可这雷光却与平日所见不同,并不是那种凄白苍亮,而是泛着一抹红,像是血光,转瞬即逝。
这还是苏鸿信首见这般近乎于法术一类的手段,先前他便差点吃了大亏,这会儿脚下一偏,已在千钧一发之际闪避躲开,只是他身后的那颗老树树干上骤然凭空炸起一声爆响,霎时间木屑激飞,转眼再瞧,上面赫然已多了个拳头大小的坑洞,泛着一阵焦糊气味。
“哈哈……哈哈哈……嘻嘻嘻……”
而那还嵌在墙上,垂着头的老道突然浑身剧烈颤抖起来,嘴里还发出一阵古怪莫名的笑来,那笑声起初还算平常,可接着却越来越尖利刺耳,听的人抓耳闹心,跟着慢慢抬起头来。
苏鸿信却是瞳孔一缩,只见这会儿,面前道人的身上,竟然涌出一股浓郁至极的阴森鬼气。
“阴魂上身?”
朝着地上啐了口带血的唾沫,他脸色沉凝,一稳手里的刀,已是毫不迟疑的攻了上去。
便在这动手出招的瞬间,苏鸿信就看见那老鬼抬起了一张,一张阴白到发青的怪脸。
这张脸上一双眼睛漆黑一片,不见眼白,眼窝周围,一根根青黑的血管脉络外扩浮出,仿佛大树的根系般朝外蔓延开去,怪诞诡异。
“嘻嘻嘻……嘿嘿嘿……”
阵阵阴嗖嗖的鬼笑冒了出来。
苏鸿信只觉阴气直扑面门,一晃神的功夫,这厮竟然变成了这不人不鬼的模样。
“你以为,就你会请神么?”
说出来的嗓音,忽男忽女,时而中气十足,时而尖细阴厉,听的人天灵盖都能弹起来。
苏鸿信脚下步伐一住,眼神一紧,却像是看见了某种出乎意料的事,就见老道的道袍,突然撑了起来,鼓了起来,并非是浑圆撑起,而是他那杏黄色的道袍外面,居然浮出了一只只大大小小的手掌轮廓,不住朝外探抓着。
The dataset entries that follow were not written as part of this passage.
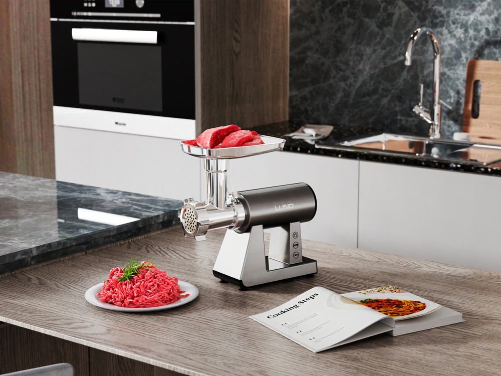 The grinder is equipped with a reverse function, which facilitates cleaning and unblocking the meat, as well as a safety switch protecting the user from accidental start-up. Non-slip feet ensure stability during operation, and the compact design weighing 3 kg makes the device convenient to carry and store.
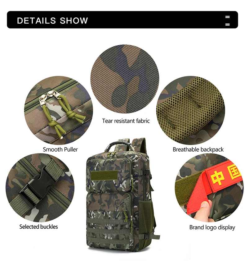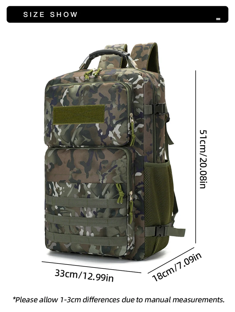 Mochila táctica de caza grande para deportes al aire libre, senderismo, Camping, Molle, gancho y bucle, entrenamiento, viaje, escalada, mochila para hombres
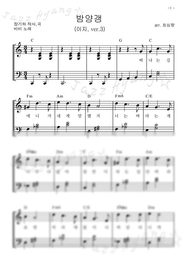 💜 밤양갱 (C키, 2단, 이지 ver.3, 악보만)
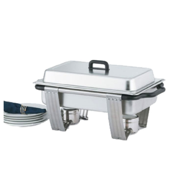 Vollrath 99860 Dakota™ Rectangular Chafer 9 Quart 1-piece is an exemplary catering and serving solution, crafted from durable 18/8 stainless steel with a matte finish that ensures both resilience and a sleek appearance. This chafer stands out with its embos legs and a tubular designed frame, providing stability and a modern aesthetic suitable for upscale dining events. The molded hi-temp nylon side handles are designed for safe and comfortable handling, while the Kool-Touch® nylon cover handles offer heat resistance, ensuring user safety. Notably, the chafer includes a stacking frame, enhancing convenient storage and space efficiency. It comes equipped with an SPV full-size 2-1/2" food pan, a water pan, a dome cover, and a frame with 2 fuel holders, offering a complete package for efficient food service. This product, made in the USA, is suited for various segments within the foodservice industry, from catering companies needing reliable and elegant presentation options to restaurants seeking durable equipment for buffet setups. The Vollrath 99860 Dakota™ Rectangular Chafer combines practicality with aesthetics, making it a versatile choice for professionals who value performance and style in their serving equipment.
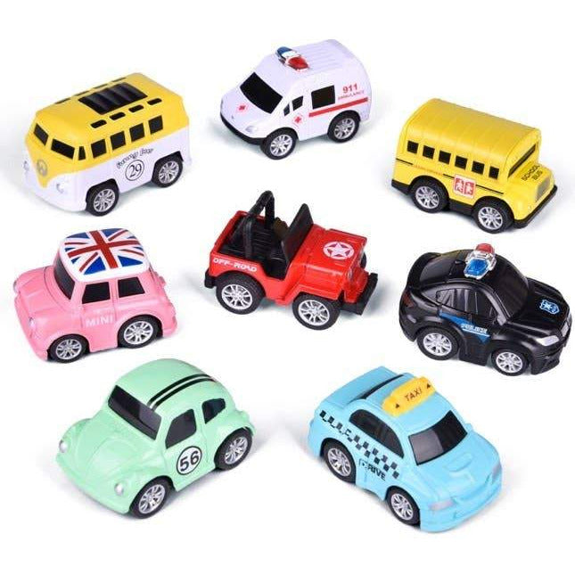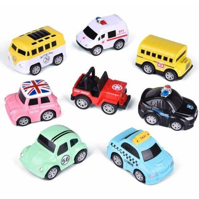 8 pack pull-back cars, all come in assorted style & colors: ambulance, school bus, off-road vehicle, taxi, police car, mini car and more
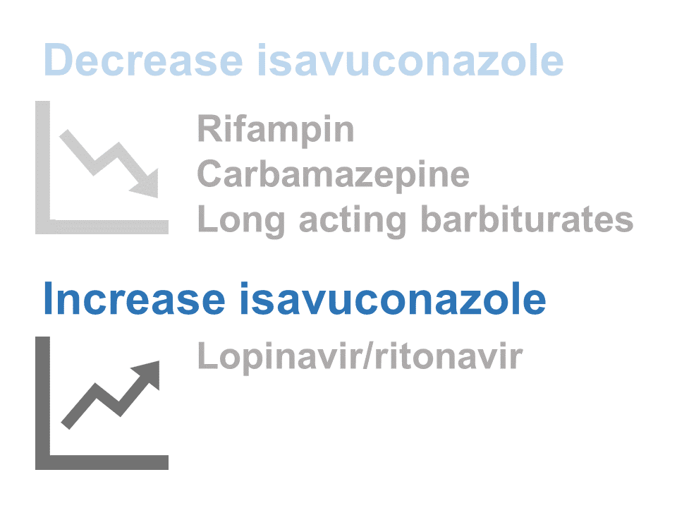 Rifampin 和 azole 類藥物是絕對禁忌症。但好消息是,因為 isavuconazole 較沒有作用在 CYP2C9 / CYP2C19,所以以往交互作用的常客 warfarin,這次就不在名單裡面啦。

那道人身上的鬼气也是层层暴涨开来,都快凝成实质了,体表外像是围绕着一团朦胧飘忽的黑雾,若隐若现,扭曲着雨线。
苏鸿信瞧的暗暗心惊,也不知道这老东西练的什么邪门术法,先有“掌心雷”在前,如今又有这等惊人手段。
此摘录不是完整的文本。